[Source records]
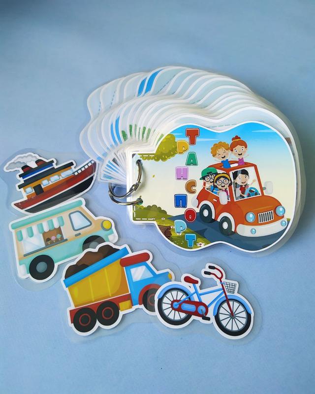 Мини-книга на липучках Транспорт 19 страниц, 18 элементов на липучках Отличный вариант подарок
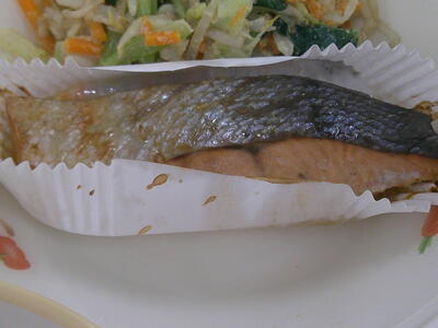 「鮭のバターレモン醤油かけ」は、今が旬の「鮭」をオーブンで焼き上げ、特製のバターレモン醤油をかけました了解鮭にバターとしょう油、レモンの風味が染みて、ご飯と相性が良いので、骨に気を付けながら、味わって食べましょう興奮・ヤッター!
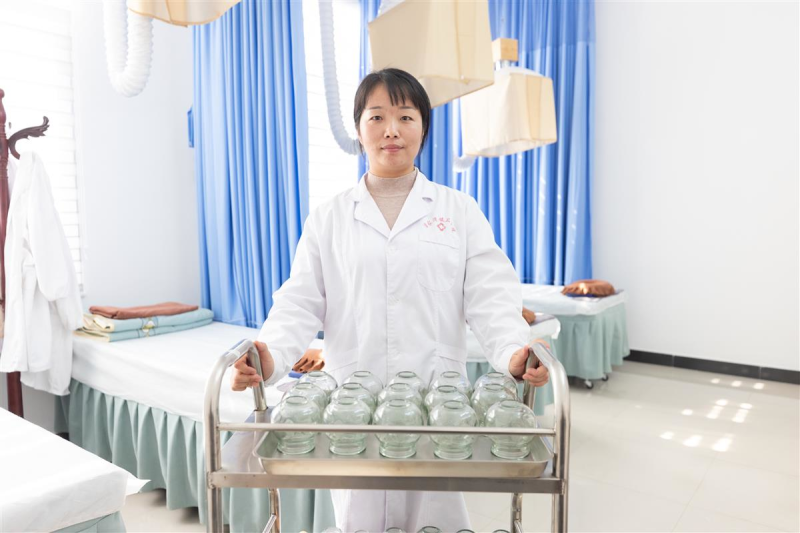 11月5日,四邑村医养服务驿站,中医技师谭娟在整理拔罐器械。(柯皓 摄)
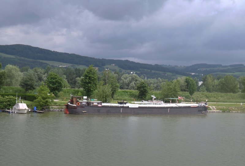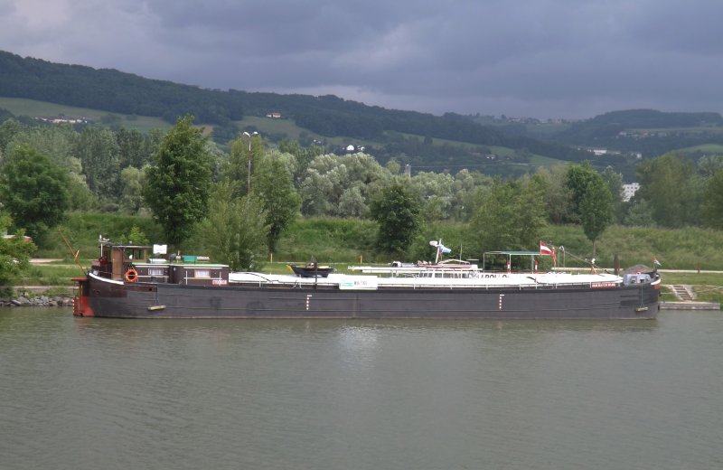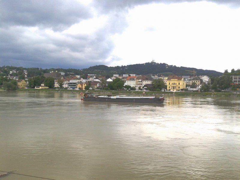 und wartet hier auf einen Lotsen (mit Donaupatent) zur Weiterfahrt Richtung Passau.
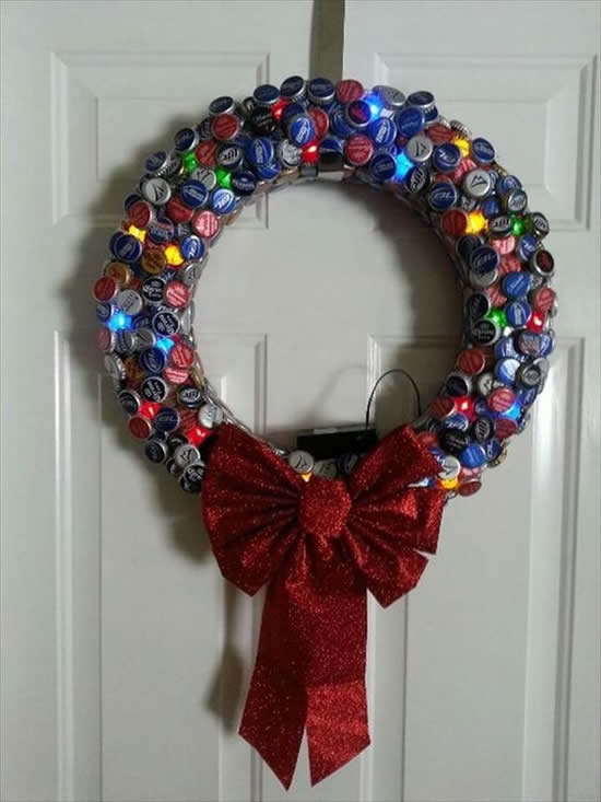 Criar guirlandas de Natal também é outra maneira maravilhosa de reaproveitar as tampinhas de refrigerante de forma criativa. Eventualmente você pode fazer estes enfeites e decorar tudo com muito capricho.

YOUR ASSIGNMENT:
Although the records contain pictures, the output must hold only their exact wording.

ANSWER SPACE:
 Мини-книга на липучках Транспорт 19 страниц, 18 элементов на липучках Отличный вариант подарок
 「鮭のバターレモン醤油かけ」は、今が旬の「鮭」をオーブンで焼き上げ、特製のバターレモン醤油をかけました了解鮭にバターとしょう油、レモンの風味が染みて、ご飯と相性が良いので、骨に気を付けながら、味わって食べましょう興奮・ヤッター!
 11月5日,四邑村医养服务驿站,中医技师谭娟在整理拔罐器械。(柯皓 摄)
 und wartet hier auf einen Lotsen (mit Donaupatent) zur Weiterfahrt Richtung Passau.
 Criar guirlandas de Natal também é outra maneira maravilhosa de reaproveitar as tampinhas de refrigerante de forma criativa. Eventualmente você pode fazer estes enfeites e decorar tudo com muito capricho.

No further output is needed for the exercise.